Die Nummer die uns hier erreichte war die 0180 4 600143 (17)  wobei diese 17 beid er telefonnummer total überflüssig zu sein scheint. ich vermute das der ,der die Nummer angemietet hat die wieder noch einmal weitervermietet bzw untervermietet hat so das es wohl unwahrscheinlich sein wird das man diese Leute endlich mal packt.

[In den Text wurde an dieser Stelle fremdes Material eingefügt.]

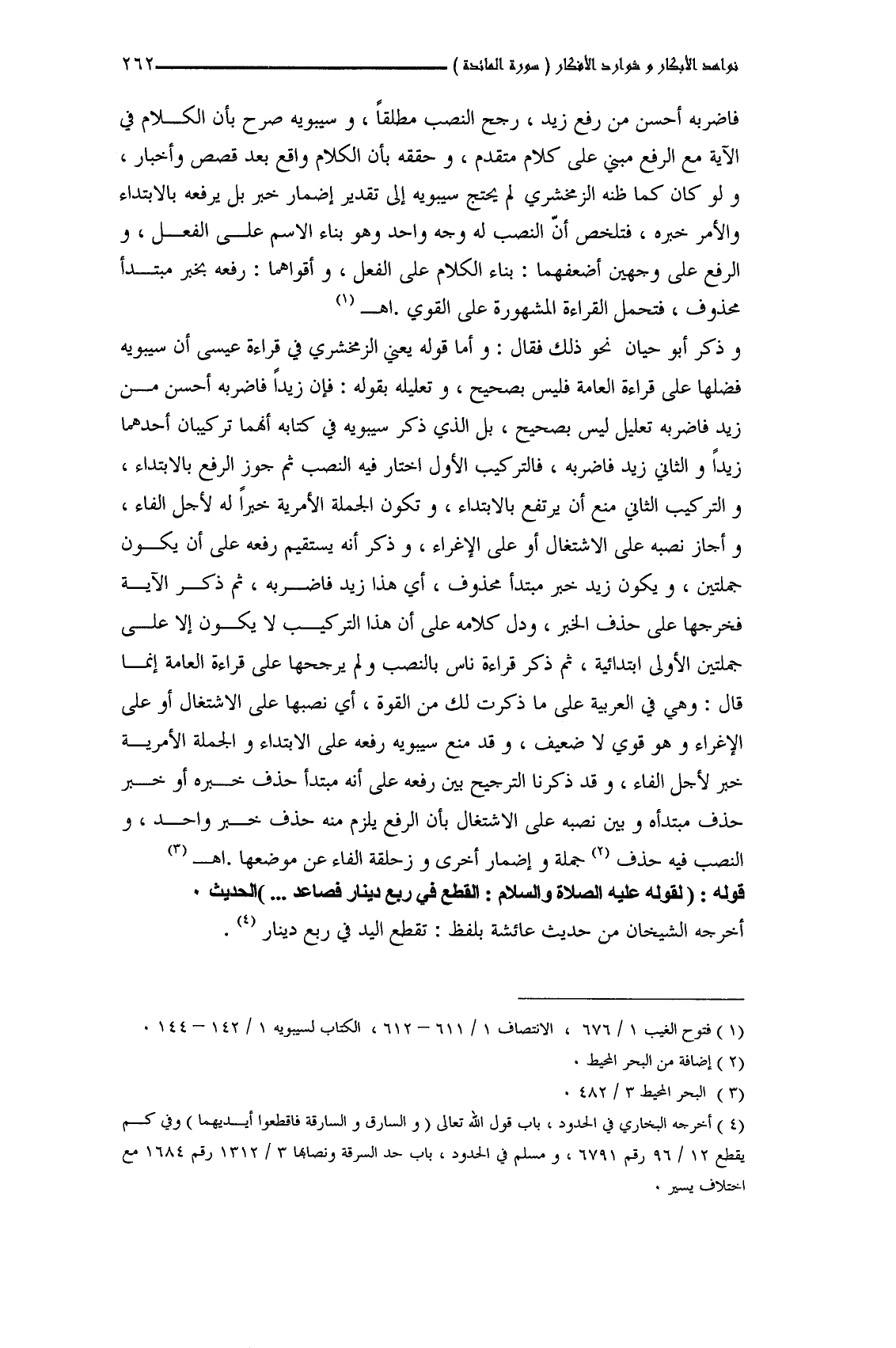 وذكر أبو حيان نحو ذلك فقال: وأما قوله يعني الزمخشري في قراءة عيسى أن سيبويه فضلها على قراءة العامة فليس بصحيح، وتعليله بقوله: فإن زيداً فاضربه أحسن من زيد فاضربه تعليل ليس بصحيح، بل الذي ذكر سيبويه في كتابه أنهما تركيبان أحدهما زيداً والثاني زيد فاضربه، فالتركيب الأول اختار فيه النصب ثم جوز الرفع بالابتداء، والتركيب الثاني منع أن يرتفع بالابتداء، وتكون الجملة الأمرية خبراً له لأجل الفاء، وأجاز نصبه على الاشتغال أو على الإغراء، وذكر أنه يستقيم رفعه على أن يكون جملتين، ويكون زيد خبر مبتدأ محذوف، أي هذا زيد فاضربه، ثم ذكر الآية فخرجها على حذف الخبر، ودل كلامه على أن هذا التركيب لا يكون إلا على جملتين الأولى ابتدائية، ثم ذكر قراءة ناس بالنصب ولم يرجحها على قراءة العامة إنما قال: وهي في العربية على ما ذكرت لك من القوة، أي نصبها على الاشتغال أو على الإغراء وهو قوي لا ضعيف، وقد منع سيبويه رفعه على الابتداء والجملة الأمرية خبر لأجل الفاء، وقد ذكرنا الترجيح بين رفعه على أنه مبتدأ حذف خبره أو خبر حذف مبتدأه وبين نصبه على الاشتغال بأن الرفع يلزم منه حذف خبر واحد، والنصب فيه حذف جملة وإضمار أخرى وزحلقة الفاء عن موضعها. اهـ

Verdienen tun die nicht viel an einem Einzelnen, aber die Masse macht es !
Der Anruf kostet zwischen 24 und 48 Cent die Minute wobei hier natürlich im Minutentakt abgerechnet wird 
Also wenn dann 1000 Leute zurück gerufen haben weil sie vielleicht von ihrem telefonanbeiter der ja heute auch nur noch 0180 er Nummer verwendet erwartet dann verdient der Täter abzüglich der Unkosten ca 300 Euro bei 48 Cent. Bei 20 000 Opfern sinds dann schon mehr wie 6000 Euro. Scheint sich auf jedenfall zu lohnen so wie es aussieht.

Jan


----------



## Anonymous (3 Dezember 2004)

Deine Berechnung stimmt nicht. Die DTAG kassiert 24 cent, der "Untermieter" nur ca. 2 cent. Immer noch Geld aber viel zu wenig um damit Betrügerein zu starten.....


----------



## Anonymous (6 Dezember 2004)

*hm*

Hmmmm , 

Vielleicht isses ja nur ne Sammelnummer die Rufnummern von leuten sammelt um sie später nochmal übe rne weitere gefakte Nummer anzurufen. Wer weiss . Ich habe von dtma auf jedenfall Post erhalten das diese Nummer gesperrt wurde. Waren wir wohl doch nicht so ganz alleine mit unserer Beschwerde


----------